La France est au coeur de notre cible."
L'année 2005 a également été marquée par une concurrence qui devient plus forte sur ce marché du voyage d'affaires. Comment American Express Voyage fait-il face ?
La concurrence est forte et les entreprises réalisent des comparaisons entre les différents portails. Mais en réalité, la technique ne fait pas tout. Nous avons par exemple le cas de clients qui ont fait le choix de changer de portail, mais nous avons constaté que le taux de réservations en ligne n'avait pourtant pas diminué, car l'enjeu réside dans le fait que la commande en ligne puisse passer dans la culture d'entreprise. Nous avons ainsi mis l'accent sur notre capacité à accompagner nos clients dans cette évolution vers la culture online. En amont, nous disposons d'une équipe spécialisée dans le conseil en technologie. Une seconde intervient depuis la définition de la cible jusqu'à la phase pilote du projet. Depuis le début de l'année 2005, nous avons créé une équipe d'intégration qui peut prendre le relais en fin de phase pilote pour assurer le déploiement complet de la solution à destination des entreprises qui ne souhaitent pas réaliser ce travail en interne. La mise en place d'un moteur de réservation online impose une méthode très structurée. Enfin, une équipe spécialisée sur le "usage management" et la communication accompagnent les entreprises sur un plan d'évolution qui prend en compte le potentiel de réservation en ligne, mais également les freins et les contraintes interne.

La France constitue-t-elle pour American Express Voyage un marché phare pour les réservations en ligne ?
Si le Royaume-Uni s'avère très en avance du fait d'un rythme d'évolution et d'une facilité d'adoption des solutions américaines, la France est au cœur de la cible sur les réservations online, tout comme l'Allemagne et les pays nordiques. L'Espagne était jusqu'à ce jour relativement freinée par une spécificité locale du marché : un service de navettes entre Madrid et Barcelone n'était pas accessibles en online.
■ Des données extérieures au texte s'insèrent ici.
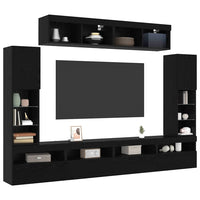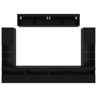 8 dalių TV sienos vienetai su LED Juodasis ąžuolas Inžinerinė mediena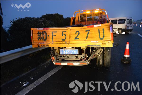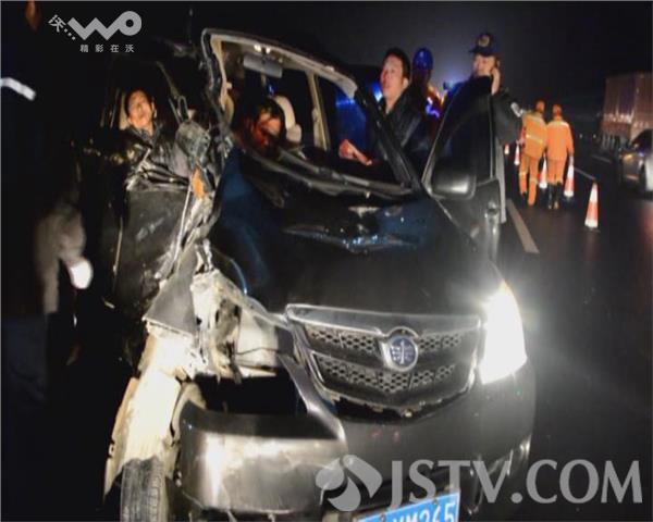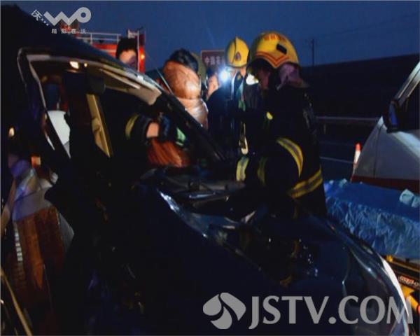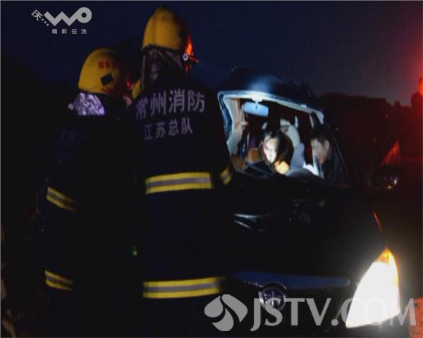 1月30日上午6点左右,常州境内沪宁高速往南京方向184公里处发生车祸,一辆黑色的面包车与一辆高速防护车相撞,面包车上有4名男子被困,另有2名高速工作人员被撞。常州消防泰山路中队接警后迅速出动赶赴现场进行救援。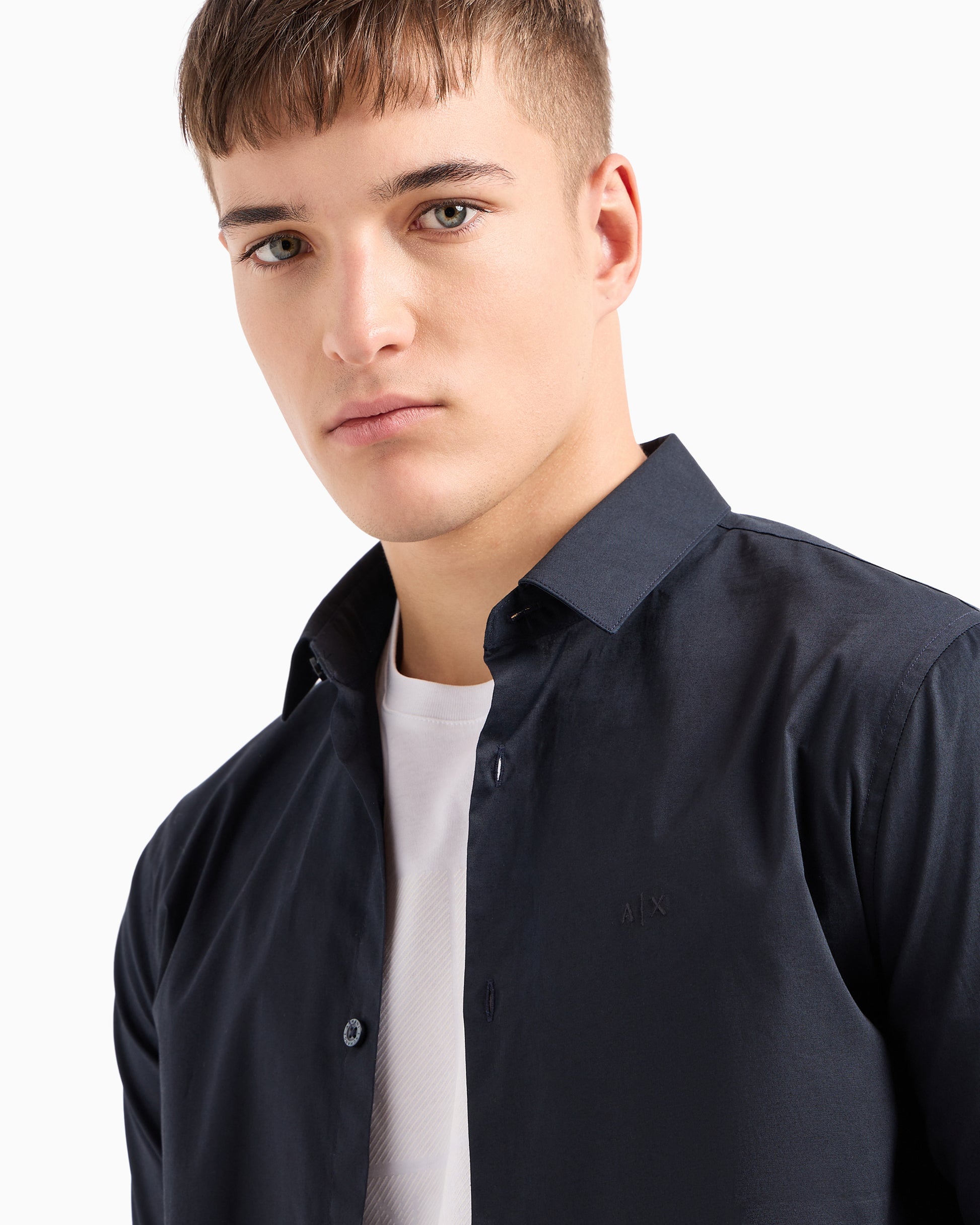 Camicia slim fit in popeline elasticizzato. Questa camicia è caratterizzata da un design essenziale con colletto classico, piccolo logo ricamato sul petto, bottoni sul davanti e polsini con bottoni.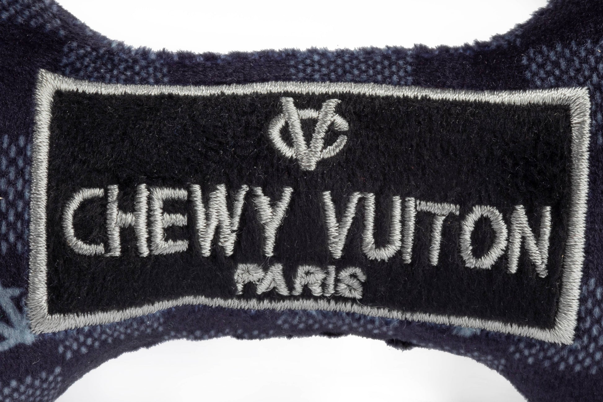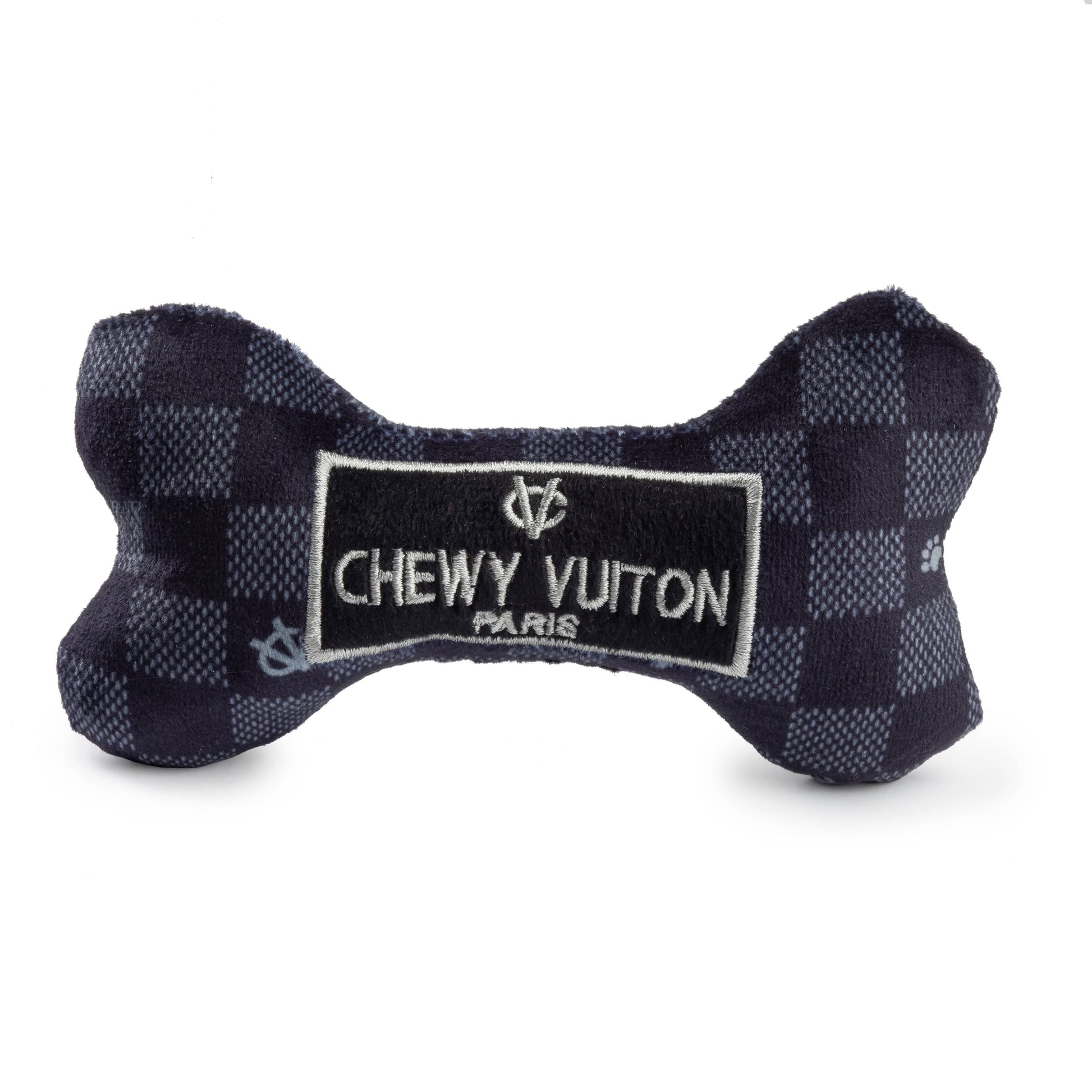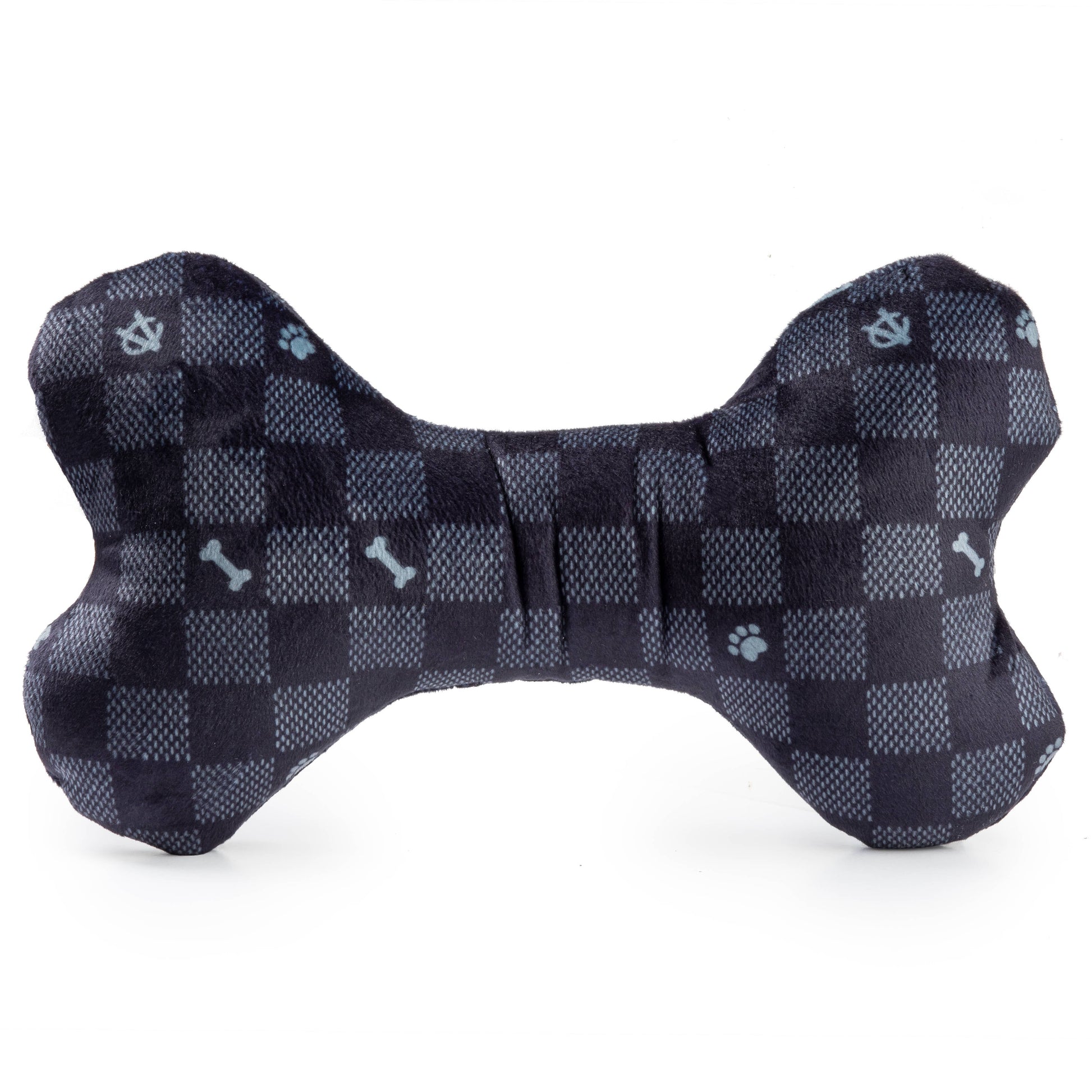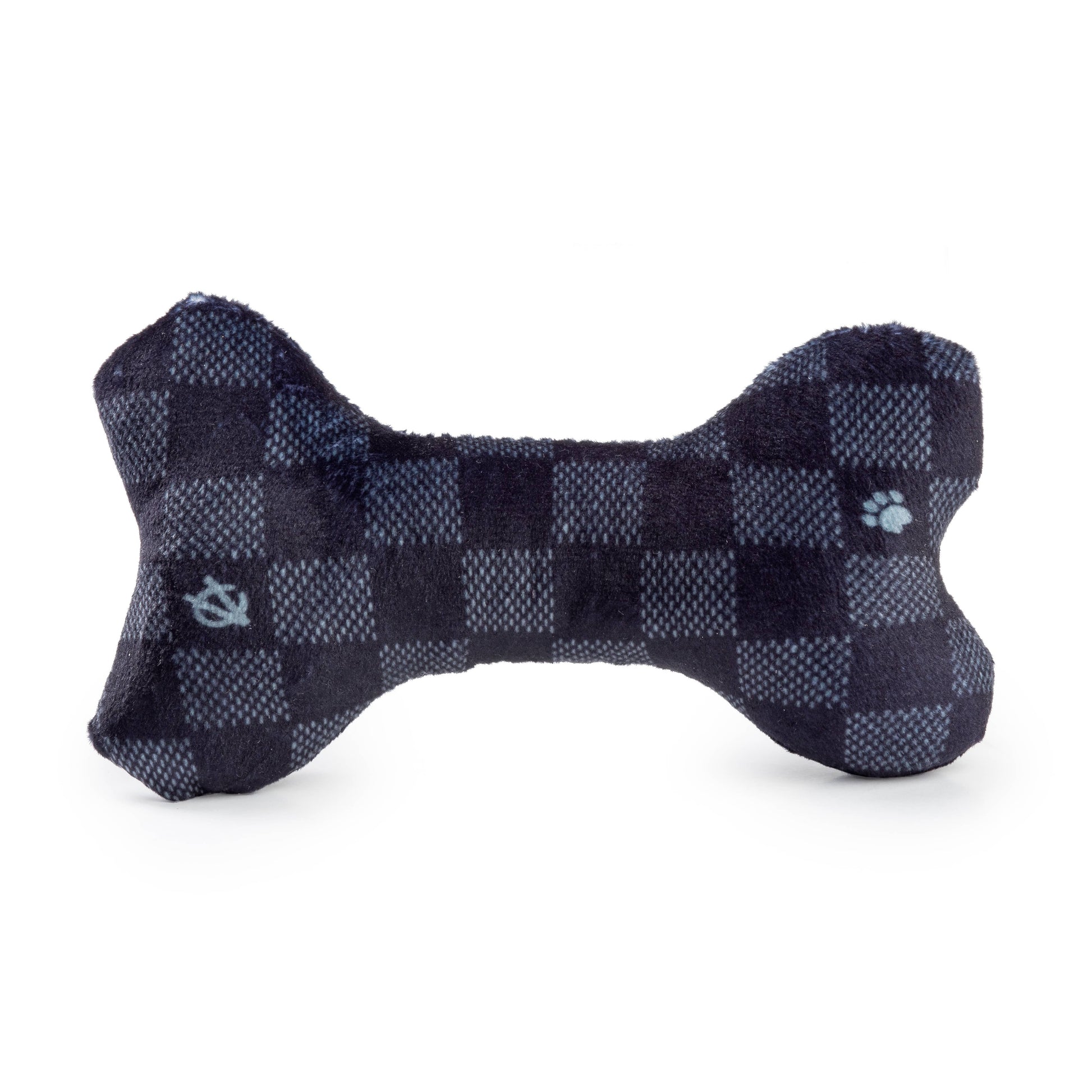 Black Checker Chewy Vuiton Bone Squeaker Dog Toy

Mais aujourd'hui cette contrainte est réglée, le marché online est en passe de décoller rapidement.

Quelles sont vos perspectives pour 2006 ?
  Le site
American Express Voyage d'affaires

Nous sommes aujourd'hui en ordre de marche. Nous sommes le premier opérateur online en France, et c'est l'aboutissement d'une démarche entamée depuis plus de 3 ans, et formalisée depuis deux ans. Nous avions lancé une "start-up" à l'intérieur même du groupe pour bâtir les fondements du online. Mais en 2005, le canal online s'est suffisamment répandu, et nous nous rendons compte que tout seul, il n'a pas de sens. Nous avons donc réintégré cette division au sein des opérations. Notre démarche commerciale est dorénavant en alignement, ce qui représente un paramètre important. Les produits sont disponibles, les agences ont une stratégie claire, et les clients sont de plus en plus convaincus de l'importance du canal Internet. Les chiffres vont exploser, j'en suis intimement convaincu et j'espère même pouvoir aller au-delà des objectifs.

 
 
Propos recueillis par Solveig Emerard-Jammes

PARCOURS
 
 
Dominique Savart, 46 ans, a obtenu en 1982 le diplôme d'Officier première classe de la marine marchande et a travaillé de 1982 à 1984 en tant qu'Officier.

Dès 1984, il bifurque vers le monde informatique et entre comme Chef de projet informatique chez STI, une SSII. En 1988, il devient responsable des études chez Diners Voyages, puis Scac Voyages.

De 1990 à 1997, il prend le poste de directeur informatique adjoint, puis celui de : Directeur des systèmes d'information, sociétés chez Havas voyages, American Express Voyages.

Depuis 2004, Dominique Savart est Vice Président Opération Benelux - France - Espagne.